Is there Web Worker support? Since crashcat is pure JavaScript, it runs anywhere JavaScript runs—including Web Workers and Node.js worker threads. Transfer world state as ArrayBuffers for zero-copy parallelism.

How do I debug physics? Crashcat includes a debug renderer example showing body AABBs, contact points, and constraint visualization. Integrate similar visualization into your renderer for development builds.

Conclusion

Crashcat represents a maturation point for JavaScript game development—a physics engine that treats the web platform as a first-class citizen rather than a compilation target. Its pure JavaScript architecture eliminates the friction that has historically made physics the hardest part of web game development: no WASM loading, no memory management, no platform-specific builds, just code that runs where JavaScript runs.

The technical depth is there when you need it. Continuous collision detection for competitive multiplayer. Constraint motors for mechanical simulation. Bitmask filtering for complex gameplay logic.
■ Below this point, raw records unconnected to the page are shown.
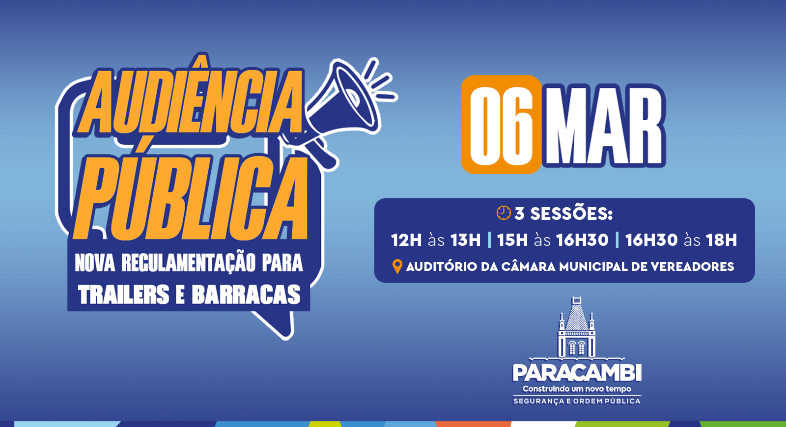 A Prefeitura de Paracambi, por meio da Secretaria Municipal de Segurança e Ordem Pública, realizará uma audiência pública para debater a nova regulamentação de trailers e barracas nas vias públicas. O encontro acontecerá no auditório da Câmara Municipal de Vereadores, no dia 06 de março de 2026, em três sessões: das 12h às 13h, das 15h às 16h30 e das 16h30 às 18h.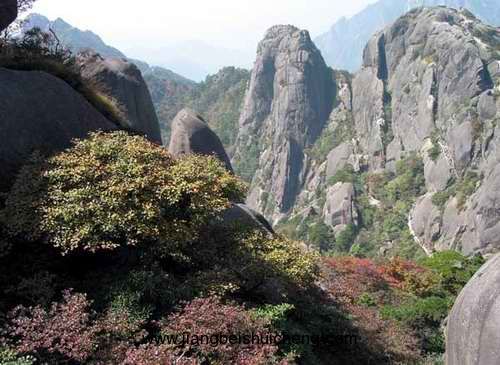 桃花峰位于黃山南端,西連云門峰,與紫石峰隔湯泉溪相望,為36大峰之一,海拔1460米。此峰土質(zhì)肥沃,草木繁盛。早先峰上多桃樹,人稱“十里桃花峰”,至今仍盛開不衰。每年3~4月,桃花山峰麓層層開至峰頂,如同錦霞,分外艷麗。前人曾有詩形容:“花開十萬樹,峰似繹霞披。”花謝之時,滿山紅瓣流入桃花溪,版權(quán)所有,山東聊城聊之旅國際旅行社有限公司,轉(zhuǎn)載必究!名曰“桃花湯”。峰便由此而得名。清黟縣人、雍正間舉人、名士胡與高有詩曰:“山頭桃花開,山中玉女笑。帝鄉(xiāng)無盡春,日日斜陽照。”詩中將桃花盛開和玉女歡笑糅在一起,給桃花峰抹上了一層春色長駐的浪漫色彩。關(guān)于峰上的桃樹為何人所栽,有兩種傳說:一說當(dāng)年軒轅黃帝來黃山煉丹時,看到桃花峰上缺花少木,乃令眾臣遍栽桃樹,點車上觀之,更能看出它獨臥壑外,不與眾峰相接。故有詩云:“一峰貪枕自離群,萬古山中臥白云。盛世人皆爭貢獻(xiàn),汝甘壑外不人群?”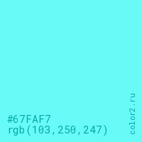 Цвет #67FAF7 в цветовой модели RGB обозначается тремя октетами (103, 250, 247) в десятичном формате и #67FAF7 в шестнадцатиричном (hex) формате, которые являются интенсивностью красного 103 (hex 67), интенсивность зелёного 250 (hex FA) и интенсивность синего 247 (hex F7).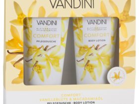 VANDINI COMFORT Geschenkset Duo Das VANDINI COMFORT Duo Set für trockene, anspruchsvolle Haut besteht aus einer COMFORT Pflegedusche und einer reichhaltigen COMFORT Body Lotion. Die Pflegeprodukte in diesem Set sind mit Vanilleblütenwasser, Macadamiaöl und COMFORT-Komplex angereichert und unterstützen die Regeneration der Haut. Sinnlicher Vanilleblütenduft rundet das Wellness-Erlebnis harmonisch ab VANDINI COMFORT Geschenkset Duo / 2 x 200 ml / 8,99 ...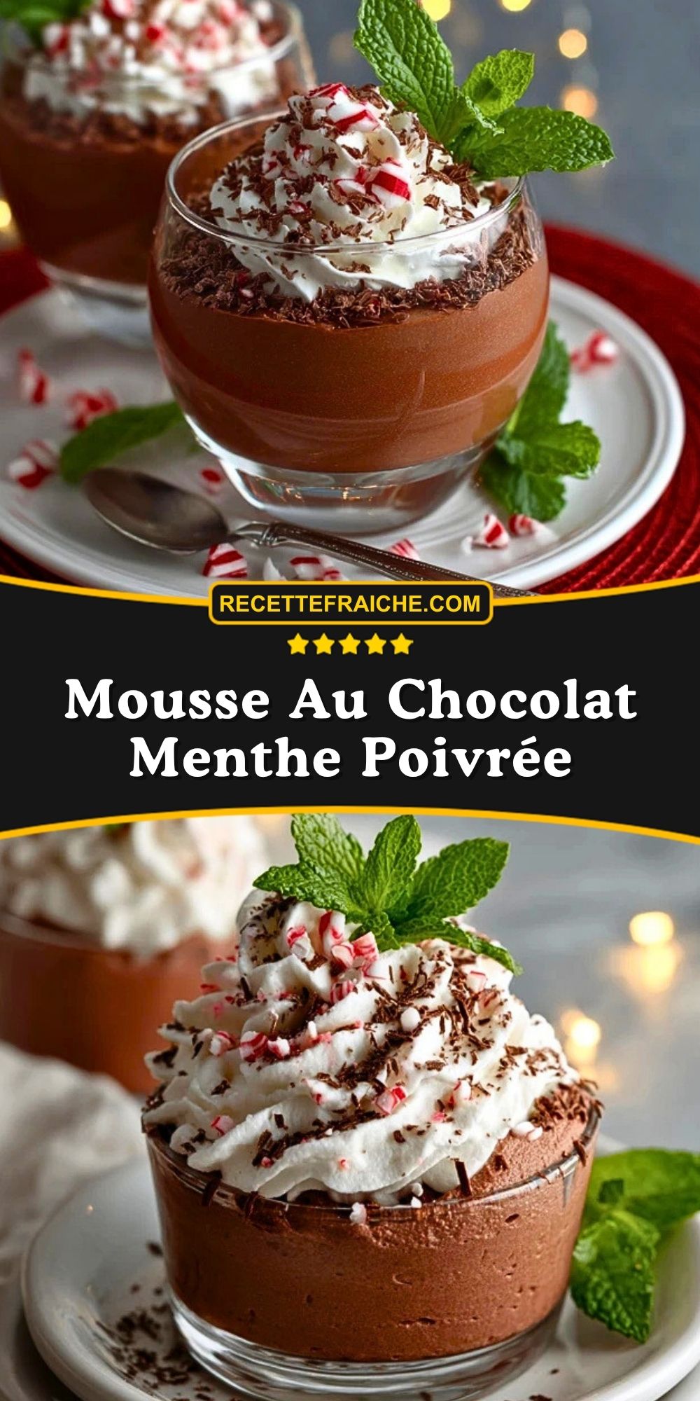 Keywords: mousse au chocolat menthe poivrée, dessert chocolat menthe, dessert festif, mousse légère, recette facile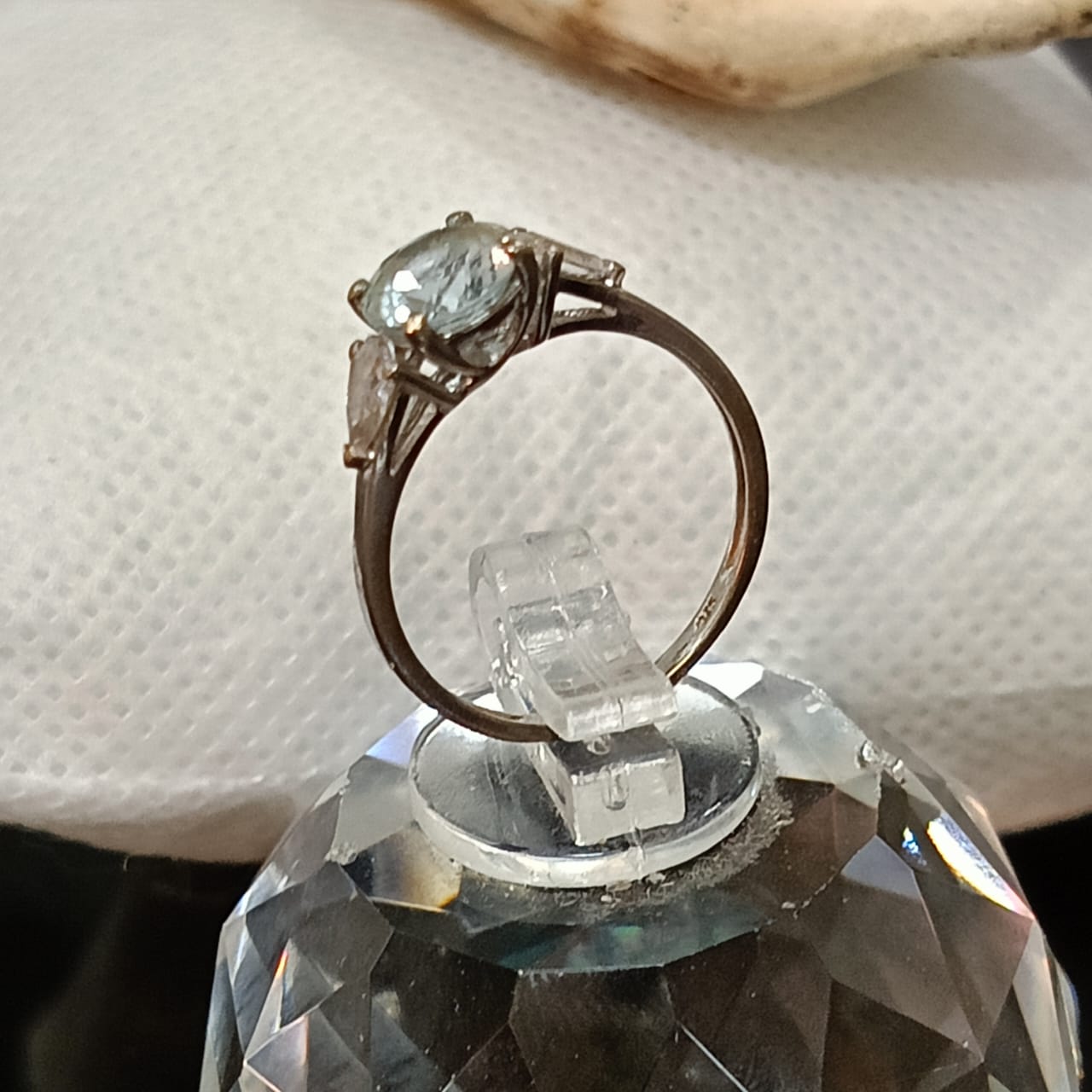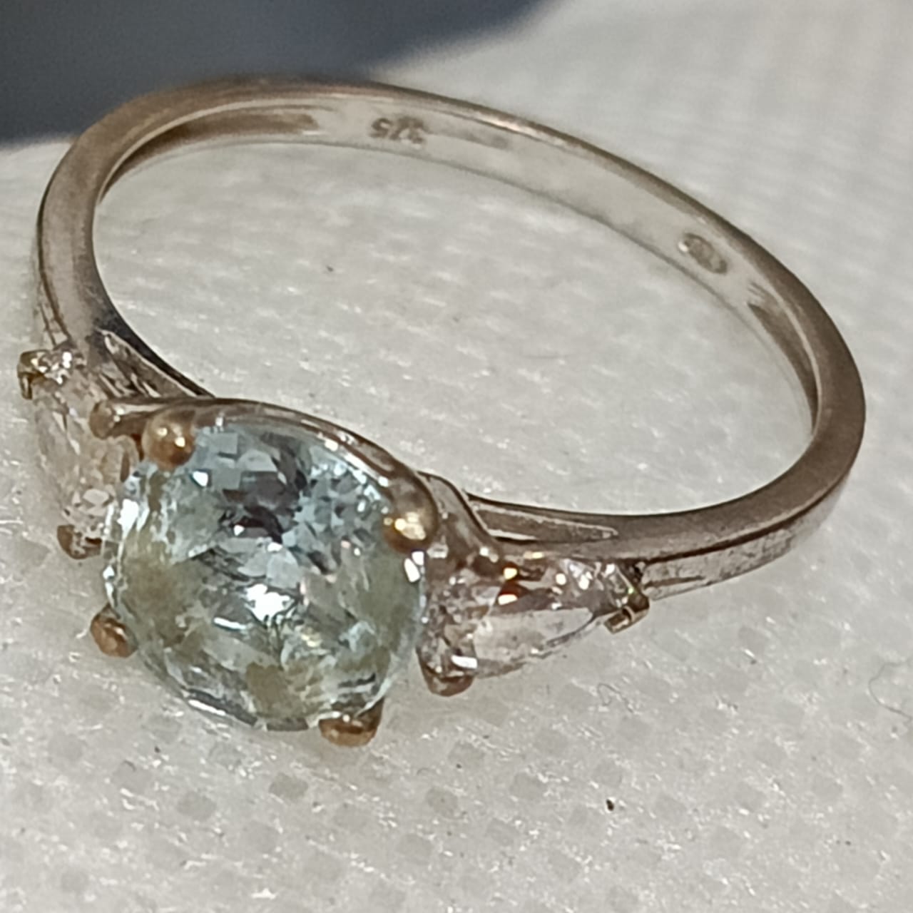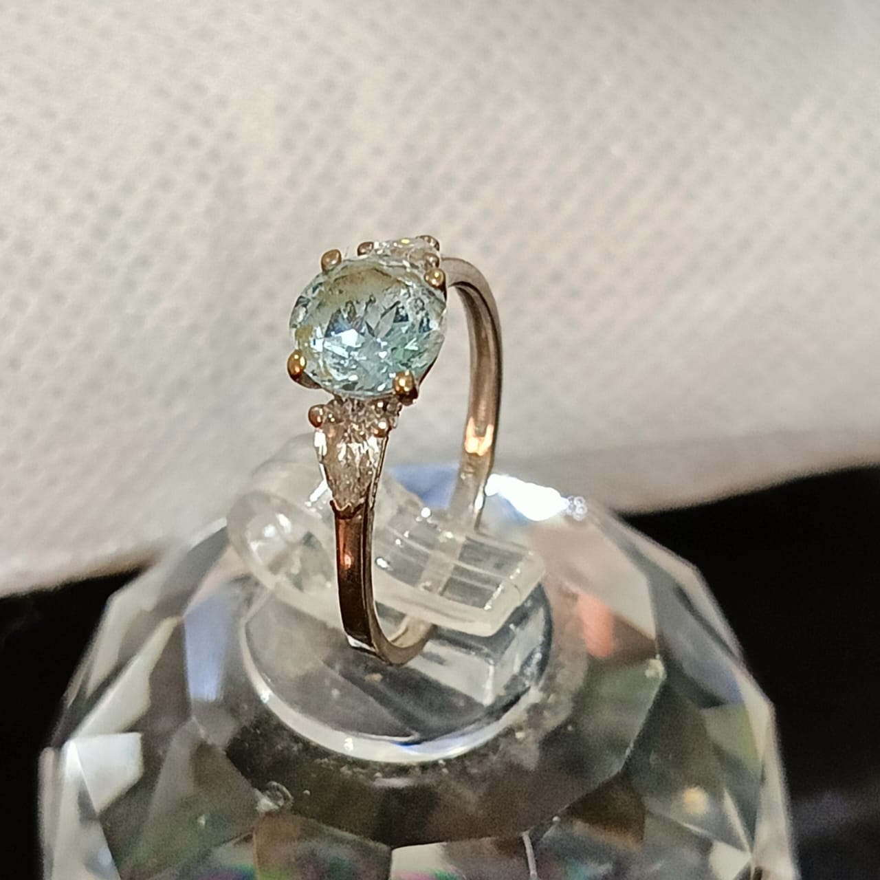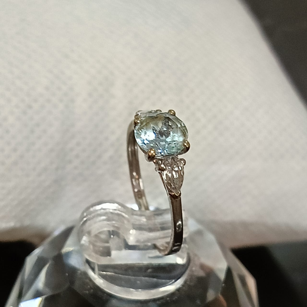 خاتم ذهب ابيض تسعة عيار مزين بحجر اكوا مارين سانتا ماريا

But the surface is approachable—a developer can have a stack of boxes tumbling in minutes, then progressively adopt advanced features as their project demands.

If you're building games, simulations, or interactive experiences in JavaScript and you've been settling for physics solutions that fight against your stack, stop compromising. The repository at github.com/isaac-mason/crashcat contains everything you need: comprehensive documentation, 40+ live examples, and an API designed by someone who actually ships web games. Install it, run the quick start, and feel the difference of physics that works with your JavaScript ecosystem instead of against it.